I claim it’s possible to argue either side.
Maybe a question like “p(much harder to build aligned than misaligned AGI | strong incentives to build AGI systems)” (the second survey question) is split between a quarter of the experts saying ~0% and three-quarters of the experts saying ~100%. (This extremizes the example, to sharpen the hypothetical analysis.) We interpret this as saying there’s a one-quarter chance we’re ~perfectly safe and a three-quarters chance that it’s hopeless to develop and aligned AGI instead of a misaligned one.
If we interpret that as if God will roll a die and put us in the “much harder” world with three-quarters probability and the “not much harder” world with one-quarters probability, then maybe our work to increase the we get an aligned AGI is low-value, because it’s unlikely to move either the ~0% or ~100% much lower (and we can’t change the die). If this was the only stage, then maybe all of working on AGI risk is worthless.
But “three-quarter chance it’s hopeless” is also consistent with a scenario where there’s a three-quarters chance that AGI development will be available to anyone, and many low-resourced actors will not have alignment teams and find it ~impossible to develop with alignment, but a one-quarter chance that AGI development will be available only to well-resourced actors, who will find it trivial to add on an alignment team and develop alignment. But then working on AGI risk might not be worthless, since we can work on increasing the chance that AGI development is only available to actors with alignment teams.

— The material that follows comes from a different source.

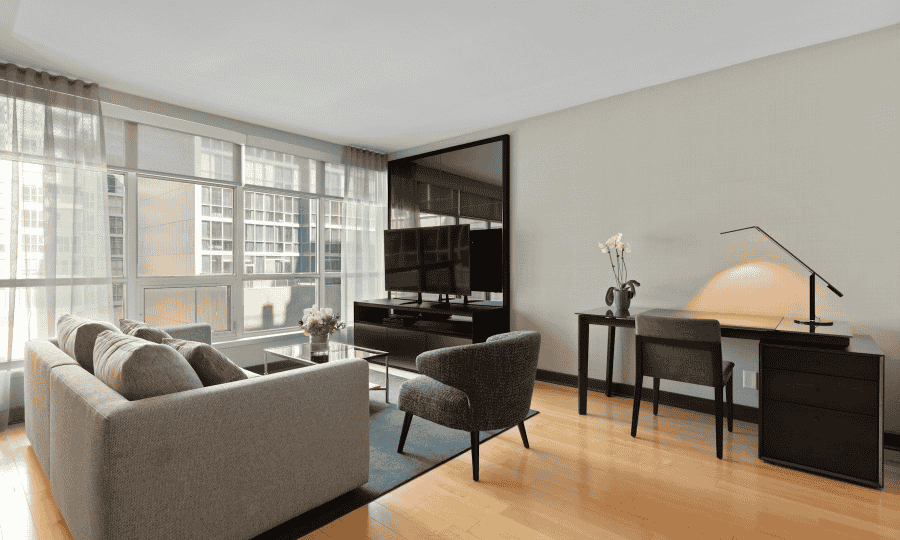 The suite is generously sized to accommodate families of various sizes, featuring interconnected spaces that provide privacy and connection. The main area includes a cozy seating space with comfortable sofas, perfect for family bonding over movies or games. A dining nook allows for intimate meals, while the room’s modern décor ensures a warm and welcoming ambiance.

I claim that it isn’t clear, from the survey results, whether the distribution of experts’ probabilities for each step reflect something more like the God-rolls-a-die model, or different opinions about the default path of a thing we can intervene on. And if that’s not clear, then it’s not clear what to do with the distribution-over-probabilities from the main results. Probably they’re a step forward in our collective understanding, but I don’t think you can conclude from the high chances of low risk that there’s a low value to working on risk mitigation.